Hypnos is an assumed carbonaceous C-type asteroid.

=== Lightcurves ===

As of 2018, no rotational lightcurve of Hypnos has been obtained from photometric observations. The asteroids rotation period and spin axis remains unknown. It has a low brightness amplitude of 0.05 magnitude which indicates that the body has a rather spheroidal shape.

=== Diameter and albedo ===

According to the NEOSurvey carried out by NASA's Spitzer Space Telescope, Hypnos measures 520 meters in diameter and its surface has an albedo of 0.22 based on an absolute magnitude of 18.65, while infrared radiometry gave a radar albedo of no more than 0.067 and a diameter of at least 740 meters.

The Collaborative Asteroid Lightcurve Link assumes a standard optical albedo for carbonaceous asteroids 0.057 and derives a diameter of 907 meters with an absolute magnitude of 18.94. The diameter agrees with Tom Gehrels 1994-publication Hazards due to Comets and Asteroids in which he estimated a mean diameter of 900 meters for Hypnos.

== Naming ==

This minor planet was named after Hypnos from Greek mythology.

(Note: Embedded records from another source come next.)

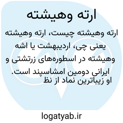 💡 این امشاشپند در جهان مینوی نمایانگر راستی و پاکی و حقوری اهورامزدا است و در جهان خاکی نگهبان آتش است از این رو برخی از فرهنگ‌های فارسی به معنی آتش گرفته شده‌است. ارته وهیشته (اشه وهیشته) به معنی بهترین ارته است که از میان دیگر امشاسپندان زیباترین امشاسپند و نمادی از نظام جهانی، قانون ایزدی و نظم اخلاقی در این جهان است.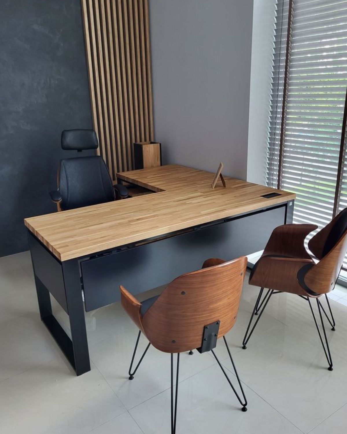 An office cabin table at Desk & Designs is an executive-style desk crafted for private workspaces. It features a spacious surface area and integrated storage options such as drawers and cabinets. Designed with ergonomics and organization in mind, these tables often include cable management systems to keep workspaces neat and comfortable. Our executive desks combine functionality and style, providing a professional environment that enhances productivity and meets modern office needs.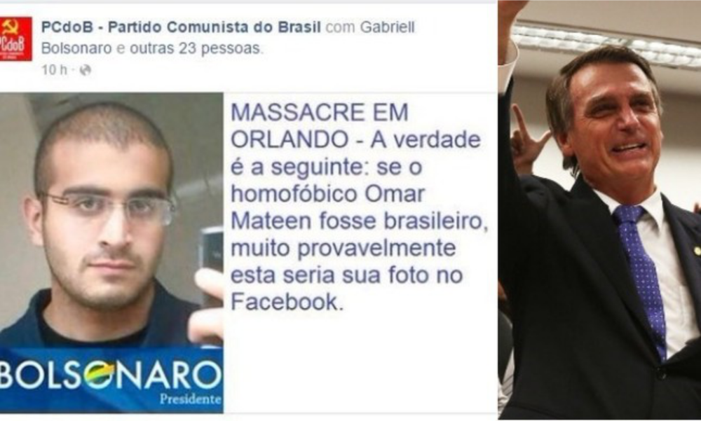 Na publicação, o PC do B disse que, se o homofóbico Omar Mateen fosse brasileiro, sua foto incluiria os dizeres Bolsonaro presidente.
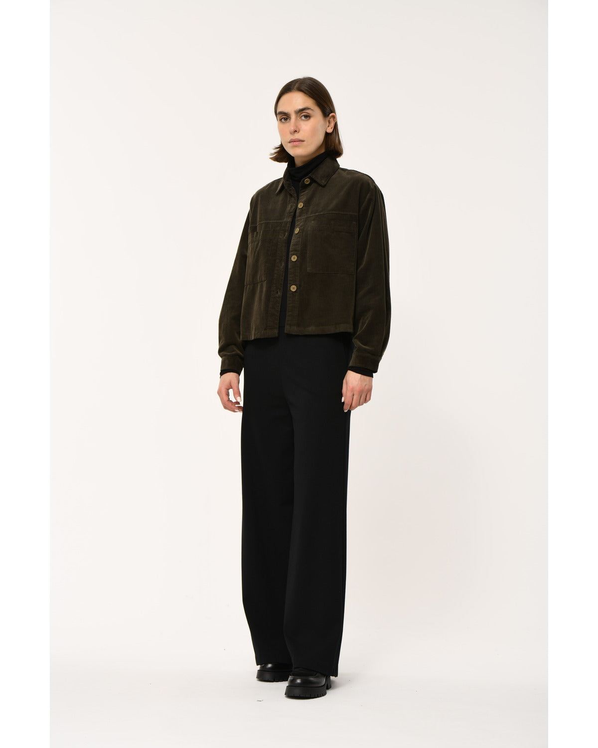 This short chocolate corduroy jacket combines refined texture with a tailored fit, offering a sophisticated addition to your wardrobe. Its rich color and plush fabric provide warmth while maintaining an elegant silhouette, perfect for elevating both casual and formal ensembles.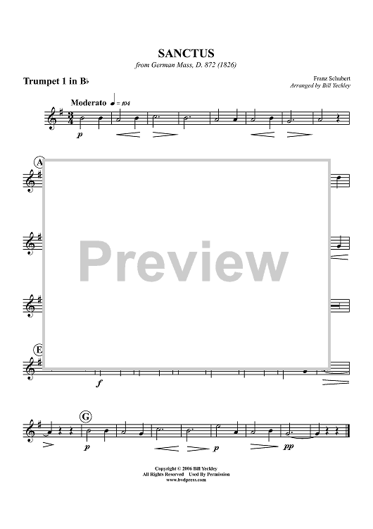 Digital Sheet Music for Sanctus - from German Mass, D. 872 (1826) - Trumpet 1 in Bb by Franz Schubert, Bill Yeckley scored for Brass Quintet; id:428110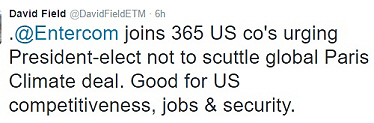 His TWITTER post read: "@Entercom joins 365 US co's urging President-elect not to scuttle global Paris Climate deal. Good for US competitiveness, jobs & security."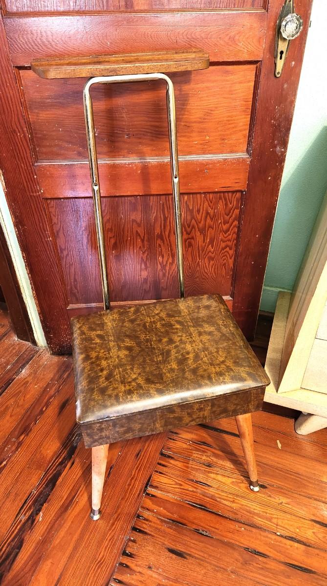 1970's Mid Century modern men's Valet Chair by Nova products. Padded seat lifts up to reveal storage. There is a padded brace across that back that is in the chair - needs 2 bolts to affix. Surprisingly good condition. 39.5" tall, 15.5" deep.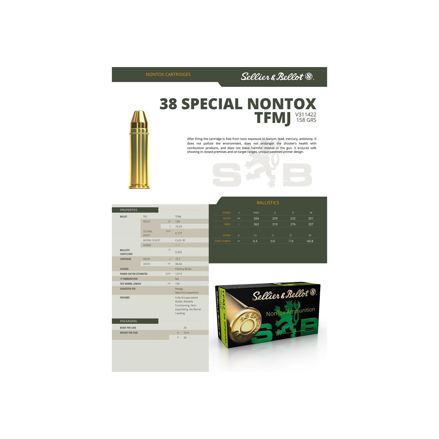 CARTOUCHES SELLIER BELLOT 38SP 158 GRS TFMJ NONTOX CAT B
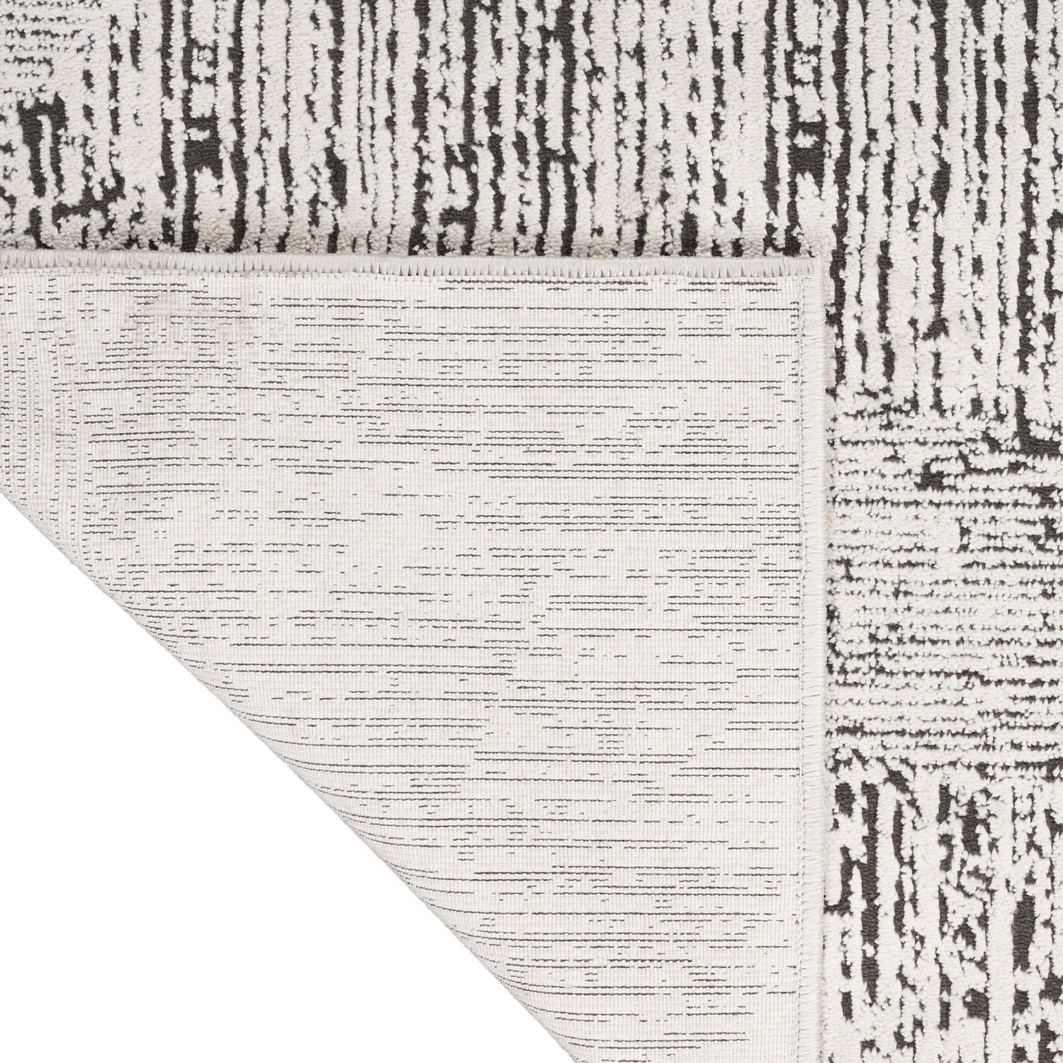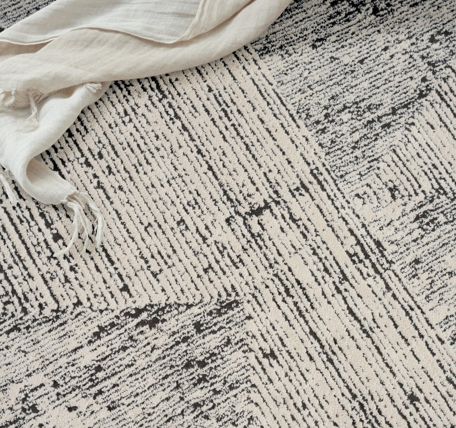 Crafted from high-quality polyester, this rug features a minimalist design with linear overlapping patterns in cream and black, and a subtle texture for visual interest. Its modern sheen will add a vibrant touch to your space.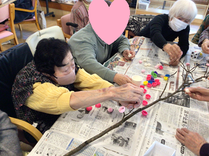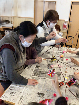 先日、小正月の恒例行事『だんごの木』を皆さんで作りました。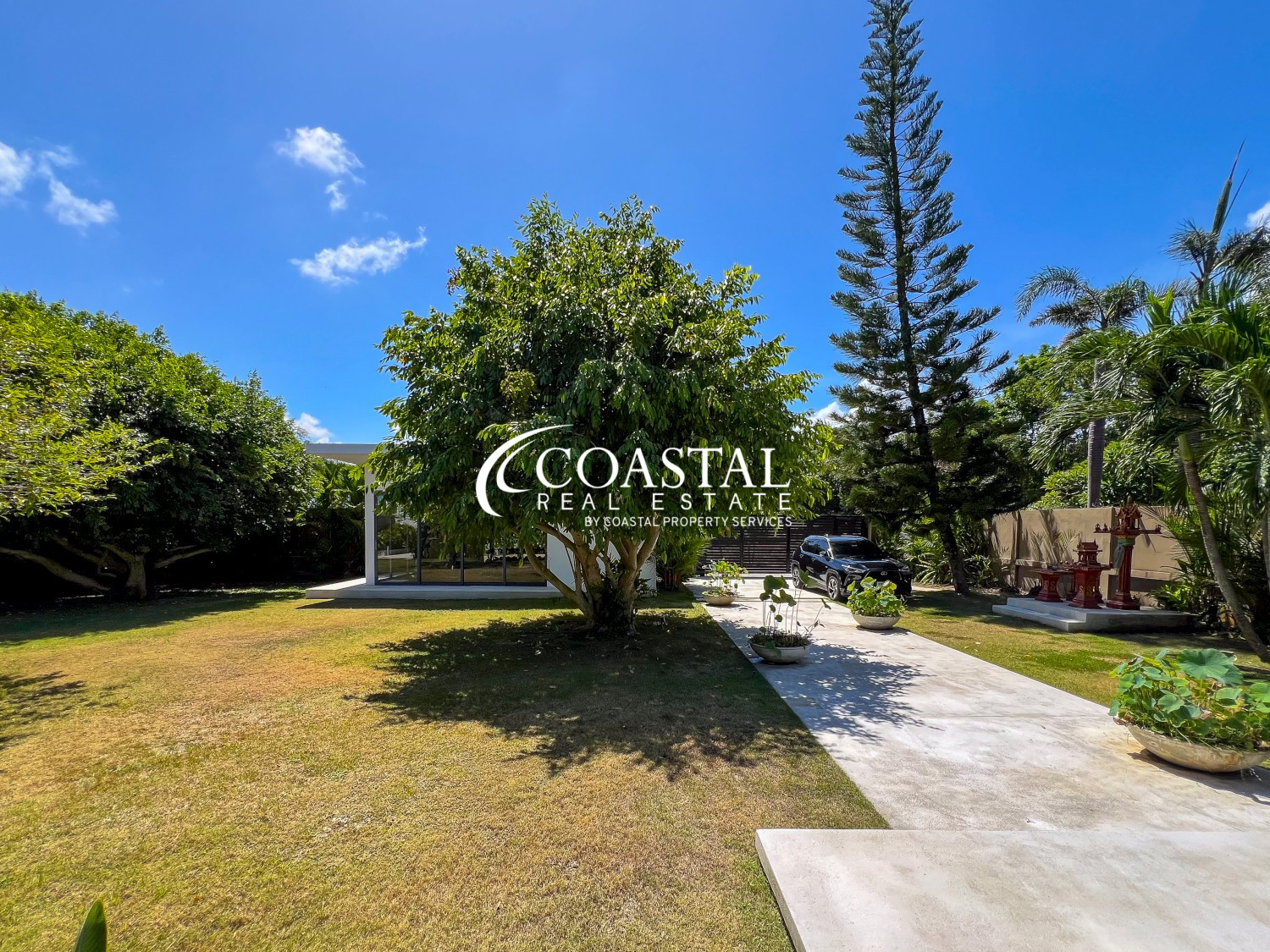 Situated on a generous 1 rai land plot, the property boasts a BBQ zone, a 12 x 8 meter swimming pool, lush gardens, and a home gym. Parking is convenient with spaces for two cars.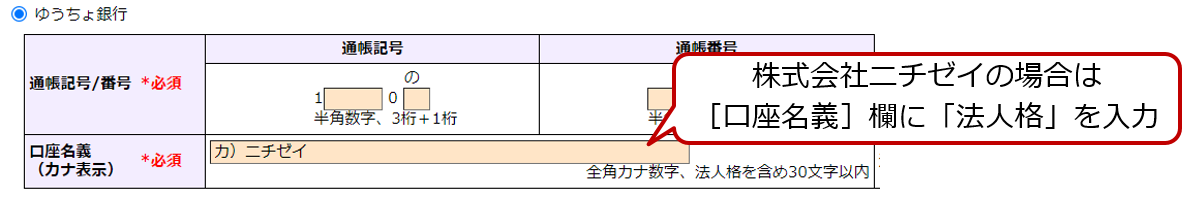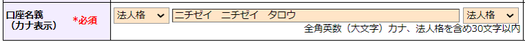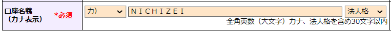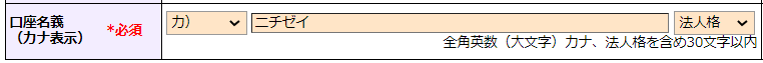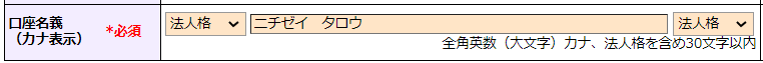 | 口座名義(カナ表示) | 法人の場合は、社名前後の「法人格」を選択し、口座名義(全角英カナ大文字、数字 30字以内)を入力します。肩書・代表者名の入力は不要です。 | ||

He is the god of sleep, son of Nyx and Erebus and twin brother of Thanatos. He enters the sleep of mortals and gives them dreams of foolishness or inspiration. The English word "hypnosis" is derived from his name. The official naming citation was published by the Minor Planet Center on 6 January 2003 (M.P.C. 47301).

== Exploration ==
Hypnos was a potential target for the LICIACube extended mission, but contact was lost shortly after completion of the primary mission.